219,711 görüntüleme • 1 yıl önce

Je parlais avec un ami restaurateur l’autre jour. Il me disait qu’il ne faisait quasiment plus de cash au black. Aujourd’hui, tout passe par la carte, il est obligé de tout déclarer, et derrière il se fait massacrer en impôts. Le paradoxe, c’est que ces revenus déclarés lui donnent en même temps une capacité d’emprunt beaucoup plus importante. La banque voit un resto avec un gros bilan, donc elle est prête à lui prêter. Et c’est là qu’il se retrouve pris en tenaille. D’un côté, il n’a quasiment plus la possibilité de sortir de la marge du système. Tout ce qu’il gagne est visible et fiscalisé. De l’autre, s’il veut vraiment grossir son patrimoine et générer du cash, son seul levier est de grossir via la dette. C’est une fuite en avant. Il doit utiliser les revenus qu’il déclare pour emprunter, ouvrir un autre resto, puis utiliser les bilans comptables de ces deux restos pour emprunter encore davantage. C’est presque la fin du business à l’ancienne. Le mec qui montait une bonne affaire, avait des clients contents, dégageait de la marge et accumulait tranquillement. À la place, tu vas vers un modèle où il faut grossir, emprunter, réinvestir, refinancer. La réussite ne se mesure plus à la marge que tu dégages, mais à la dette que tes revenus te permettent de lever. Dans un État qui fiscalise de plus en plus, la seule porte de sortie finit donc par être la financiarisation de son business. Et les banques gagnent à tous les étages : fees sur les cartes, puis crédit pour financer la croissance.
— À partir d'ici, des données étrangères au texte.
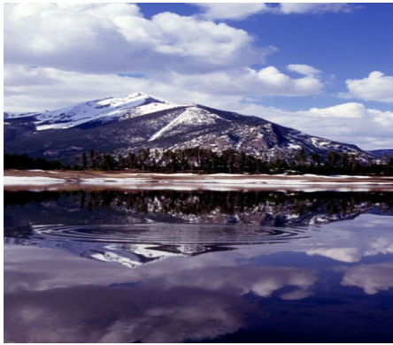
Slika 4:Skalno gorovje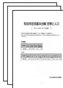
『住民基本台帳 世帯と人口』 毎月発行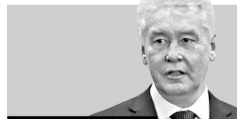
Сергей Собянин, мэр Москвы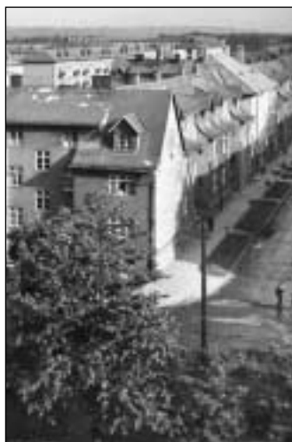
Pohled na tzv. Šídlovec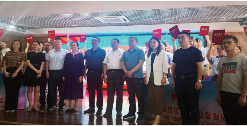
公司参与组织南通市崇川区安全生产知识竞赛

En gros, quand l’État supprime le cash, il force les entrepreneurs à déclarer, la marge disparaît et la dette prend le relais. Le pire, c’est que les gauchistes pensent combattre les banquiers en taxant l’économie. Ils réussissent simplement à réduire la capacité des entrepreneurs à accumuler et réinvestir leurs propres profits, et les poussent mécaniquement à financer leur croissance par des prêts bancaires.